**Data for review**.
....
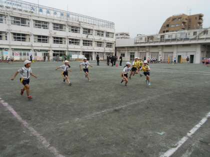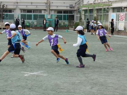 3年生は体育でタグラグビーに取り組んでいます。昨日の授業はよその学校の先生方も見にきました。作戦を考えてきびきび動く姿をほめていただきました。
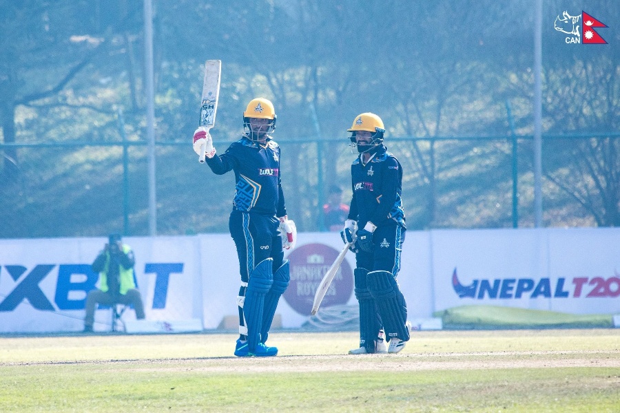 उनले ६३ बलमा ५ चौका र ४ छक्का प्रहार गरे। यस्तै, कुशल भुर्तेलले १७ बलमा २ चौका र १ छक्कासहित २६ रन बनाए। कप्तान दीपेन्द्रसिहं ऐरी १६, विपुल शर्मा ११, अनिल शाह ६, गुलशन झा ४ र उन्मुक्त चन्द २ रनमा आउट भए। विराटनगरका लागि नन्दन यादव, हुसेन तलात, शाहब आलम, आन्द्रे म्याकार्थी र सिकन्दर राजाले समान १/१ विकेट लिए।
....
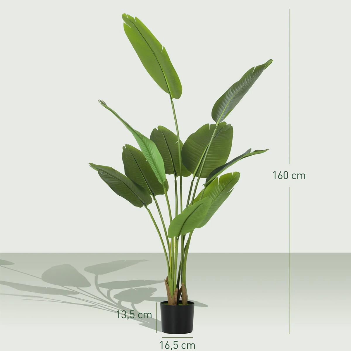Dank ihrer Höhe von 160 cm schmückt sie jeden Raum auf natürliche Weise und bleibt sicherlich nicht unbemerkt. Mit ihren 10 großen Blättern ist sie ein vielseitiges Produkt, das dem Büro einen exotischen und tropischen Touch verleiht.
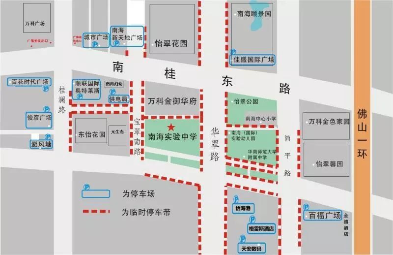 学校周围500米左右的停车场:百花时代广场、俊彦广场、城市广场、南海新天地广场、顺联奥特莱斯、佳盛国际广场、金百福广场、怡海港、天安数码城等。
....
**Task directions**. Start at the line above containing "3年生は体育でタグラグビーに" and stop at the line containing "उनले ६३ बलमा": print those lines and everything between them exactly, but not the pictures.

**Answer space**.
 3年生は体育でタグラグビーに取り組んでいます。昨日の授業はよその学校の先生方も見にきました。作戦を考えてきびきび動く姿をほめていただきました。
 उनले ६३ बलमा ५ चौका र ४ छक्का प्रहार गरे। यस्तै, कुशल भुर्तेलले १७ बलमा २ चौका र १ छक्कासहित २६ रन बनाए। कप्तान दीपेन्द्रसिहं ऐरी १६, विपुल शर्मा ११, अनिल शाह ६, गुलशन झा ४ र उन्मुक्त चन्द २ रनमा आउट भए। विराटनगरका लागि नन्दन यादव, हुसेन तलात, शाहब आलम, आन्द्रे म्याकार्थी र सिकन्दर राजाले समान १/१ विकेट लिए।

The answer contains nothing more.